AI gym equipment startup Tonal today nabbed a $110 million round from new and existing investors. A spokesperson says the capital will enable Tonal to accelerate its marketing efforts, scale its supply chain and logistics, and roll out software upgrades and new workout content.
Shelter-in-place orders and office closures motivated by the pandemic have sent fitness equipment sales skyrocketing over the past few months. A report commissioned by eBay found that between March and April of this year, home gym sales increased up to 20 times in some categories compared with the same time frame last year. NPD Group reported that in March alone, fitness equipment sales rose 130% year-over-year, with benches up a whopping 259%.
Tonal, which says sales are up 12 times year-over-year, plans to collaborate with the Mayo Clinic on a clinical trial exploring physical therapy applications, the results of which are expected to be released in early 2021. The company is also expanding its presence in the hospitality space, with installations in the Four Seasons Palo Alto, Andaz Scottsdale Resort and Bungalows, the Waldorf Astoria Boca Raton Resort and Club, and the JW Marriott Anaheim.
Tonal’s $2,995 equipment, which attaches to any wall with two studs, lets bodybuilders lift up to 200 pounds in one-pound increments. Adjustable arms and 17 different sensors support over 170 leg, arm, shoulder, back, core, and chest workouts. Tonal says its system of magnets and algorithms makes thousands of calculations a second to adjust on the fly, delivering inertia-free resistance in a form factor smaller than a flatscreen TV.

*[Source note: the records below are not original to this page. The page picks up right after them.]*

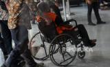 REPUBLIKA.CO.ID,JAKARTA -- Tersangka mantan gubernur Papua Lukas Enembe mengenakan kursi roda menjalani pemeriksaan di Gedung Merah Putih KPK, Jakarta, Selasa (19/9/2023).
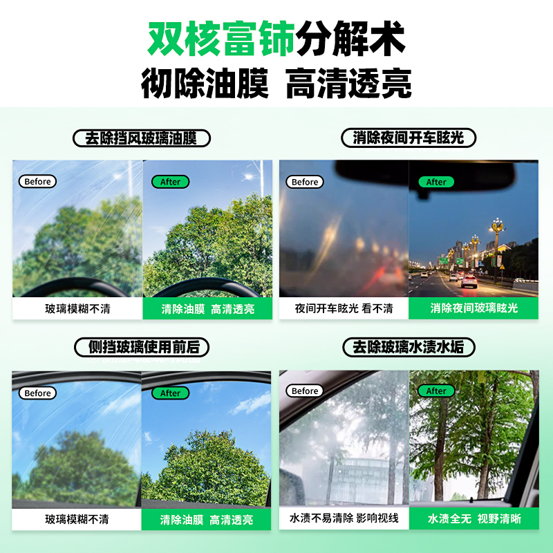 宝能汽车玻璃恢覆剂油膜去除剂强力去污驱水剂前挡家用玻璃清洁剂
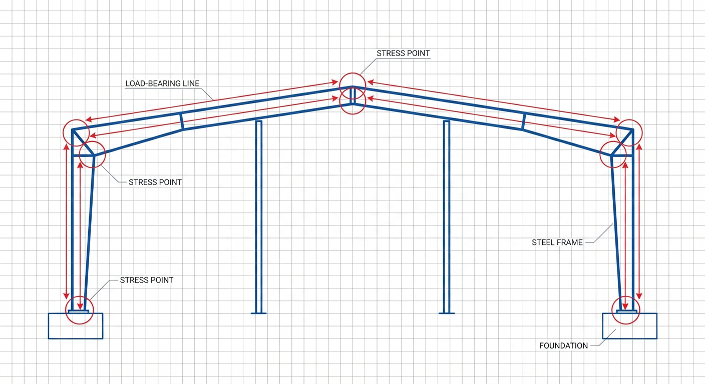 Stress points usually occur at the joints where columns meet the rafters. The diagram uses color-coding to show where the steel might experience the most tension or compression.

Tonal customers can purchase a $495 accessories bundle with handles, bars, benches, rollers, workout mats, and more to add additional movements. “Smart handles” sport six-axis gyroscopes and a Bluetooth radio to track reps wirelessly.

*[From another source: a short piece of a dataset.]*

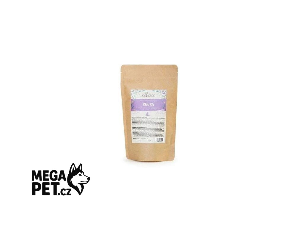 Kelpa je hnědá mořská řasa (chaluha) s vysokým obsahem minerálních látek a jódu. Silná podpora přirozené imunity, antioxidant, podpora trávení a pigmentace kůže i srsti, odstraňuje zubní kámen a pach z tlamy. Je to jedinečný zdroj jódu.

Each Tonal unit features an LED touchscreen that shows the hundreds of guided workouts available through the company’s $49 per month subscription program. (A companion smartphone app tracks progress and recommends newly released programs and coaches.) After taking a strength assessment, Tonal chooses the weight settings automatically corresponding to workout type (e.g., curls and lunges), reducing weight toward the end of sessions if it senses low resistance.

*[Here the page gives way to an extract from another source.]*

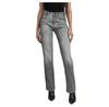Сверхвысокая талия и узкие штанины придают современный силуэт, отсылая к эпохе бунтарства.

Analysts recently pegged the U.S. fitness industry at $30 billion, and the popularity of boutique fitness classes has grown 10 times in the last five years. Tonal competes with rivals like Peloton, which recently introduced entry-level products; Tempo which recently raised $60 million; and Vi, which is expanding availability of its earbuds and AI-powered running coach products.
But Tonal, which claims to have 95% of the market share in the connected strength segment, has celebrity endorsements on its side. The company claims “hundreds” of professional athletes (including half of NBA teams during this year’s playoff games) have used its equipment, and many notable figures have contributed to its previous funding rounds, including Serena Williams, Klay Thompson, Tony Gonzalez, Stephen Curry, Paul George, Bobby Wagner, Michelle Wie, Rudy Gay, and Kyle Rudolph.
L Catterton led the investment in San Francisco-based Tonal, with participation from new backers Delta-v Capital, the Amazon Alexa Fund, and Mousse Partners. The five-year-old company says a portion of the funding, which brings its total raised to over $200 million following a $45 million funding round in April 2019, is going to three new office locations and a retail presence expansion to 15 new markets across the U.S.